Be Prepared for a Breach with a Cloud Forensics Protocol
While the goal of most infosec professionals is ostensibly to prevent data breaches and security incidents, the daily headlines about major hacks prove that no one is completely safe. If — or perhaps we should say “when” — you are breached, one of the first steps is to perform digital forensics to help locate the attack vector, identify compromised systems, and tag any stolen data.
Cloud environments further complicate the digital forensics process, especially in an increasingly multi-cloud world, where multi-tenant hosting environments and hybrid IT infrastructure is more and more common.
Preparing a cloud forensics protocol can help your organization reduce the overall cost of a security investigation and disclosure, quickly figure out how the attacker gained access, restore system operations faster, and even garner discounts on any cyberinsurance you may have.
The Essential Questions
For a forensics examiner or your IT security officer, there are several key questions when it comes to collecting information about a cloud breach:
- Do you have the ability to collect the data, or do you need permission or third party tools?
- What jurisdiction does the data fall under?
- Can you legally force a service provider to disclose data?

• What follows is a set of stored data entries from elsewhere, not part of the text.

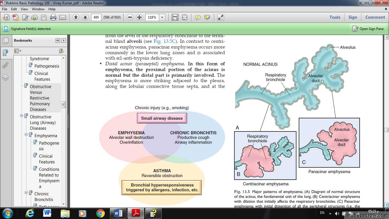 Fig. Major patterns of emphysema. (A) Diagram of normal structure of the acinus, the fundamental unit of the lung. (B) Centriacinar emphysema with dilation that initially affects the respiratory bronchioles. (C) Panacinar emphysema with initial distention of all the peripheral structures (i.e., the alveolus and alveolar duct); the disease later extends to affect the respiratory bronchioles.
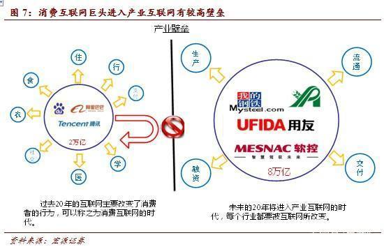 阿里和腾讯虽然在消费互联网领域牛气冲天,但是在产业互联网应用的尝试均未取得好的效果。由于BAT的客户积累和运营经验主要集中在个人客户,其向产业互联网拓展过程中优势将不再明显。
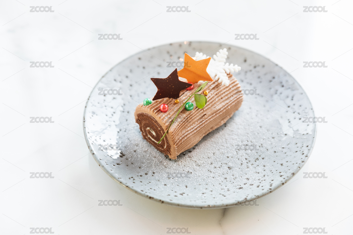 棕色木纹桌面上放着一份圣诞主题的草莓蛋糕
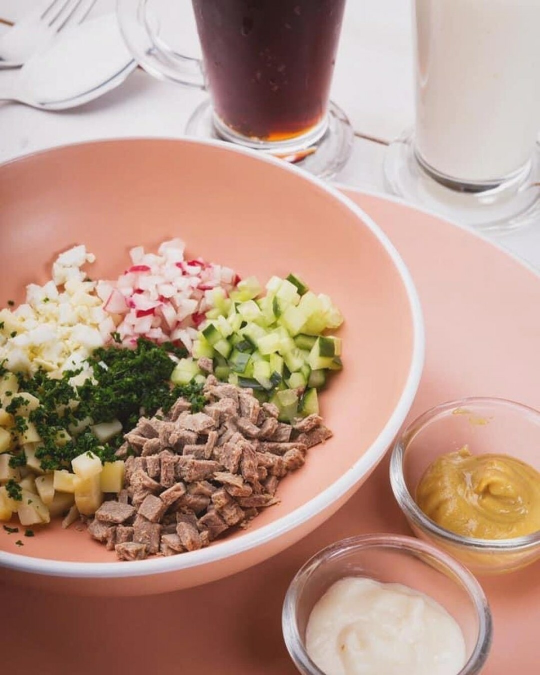 Еще одно место с приятным ценником: за гуманные деньги вам нальют большую тарелку окрошки на квасе с курицей и говядиной. В качестве соуса предлагают горчицу и хрен.

Preparing Digital Forensics for Your Cloud
The cloud forensics process can be part of your business continuity plan, your disaster recovery plan, or your cybersecurity plan. It can also be a standalone document referenced within these other processes.
If tightly integrated with BC/DR or cybersecurity measures, your digital forensics plan can rely on existing monitoring tools to collect evidence before and during a breach. In addition to log examination, a regular snapshot backup or disaster recovery versioning can help identify when and where data was accessed, as well as restoring a functional environment if your infrastructure was disabled during the attack. Object-level monitoring and auditing and strong access controls are other areas you should include in your forensics plan.

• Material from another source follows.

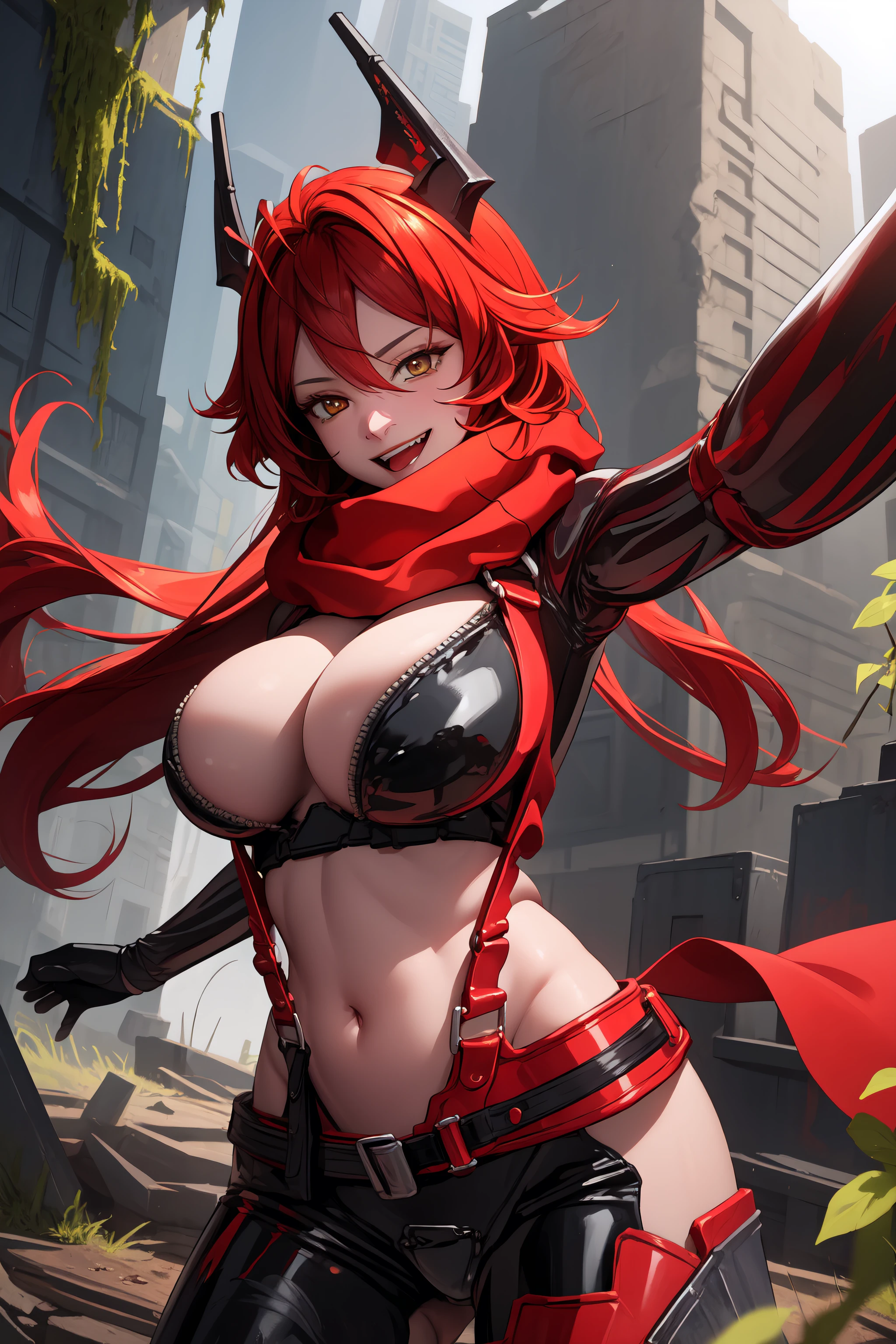 red jacket, cropped jacket, red scarf, unzipped bodysuit, suspenders, black pants, belt, fingerless gloves, asymmetrical legwear, hip vent, midriff, high heel boots

Your plan should address responses from your technical team, your organization outside IT (like executives and any involved departments), and legal representation.
The technical aspects include your information security officers, who will handle the investigation, as well as your remaining IT staff, who can assist in technical support during the process. Depending on the scale of your organization, you may also want to have specific incident officers in charge of specific security breaches, like those related to unauthorized access, data loss, compliance standards like HIPAA, client confidentiality, malware/viruses, insider attacks, DDoS, and so forth.
Legal staffers or outside counsel should be familiar with specific jurisdictions and rulings on cloud computing and data management in general. They can advise on whether your investigations may have additional legal ramifications.
The jurisdiction question is an interesting one in particular, with some organizations recently foregoing United States based cloud providers due to their penchant for working with law enforcement and covert operations. In other words, the fear of being spied upon is real. Those local, regional, and national jurisdictions can come into play when you are trying to determine what is legal access to data and what is not; or whether you can legally compel a provider to release data to you. Many providers have cloud servers scattered across a variety of facilities in different states or even different countries.
Finally, in some cases, especially with smaller organizations, a third party security firm may be retained to assist with e-discovery or investigating an external chain or connections with additional service providers or contractors.
Working with Your Service Provider
Your Service Level Agreement should have specific clauses around data ownership, security, and multi-tenancy, especially around the service provided, access and techniques allowed during a security breach situation, the responsibilities of the CSP and customer during a forensic investigation, confidentiality of customer data (both yours and other tenants), privacy policies, and any legal regulations that may apply. For example, you may own the data hosted in the cloud, but associated metadata may not belong to your company legally, and might require a different method to acquire from the CSP.
Many cloud service providers have business and technical relationships and rely on other telecommunications organizations or even other CSPs. This further complicates the collection of digital forensics so be certain to understand the layers of your cloud infrastructure before a breach occurs so you can quickly respond, contact the involved parties, and begin digging for clues.
The three tenets of cloud forensics are Prepare, Partner, and Practice. Document and plan for a security incident before it occurs, so you are ready to move fast if it does. Partner with your CSP, other involved parties, and third party experts to fill any gaps in your expertise ahead of time as well. And finally, practice your plan with simulated breaches or regular meetings to make sure it upholds the latest security standards and functions as expected.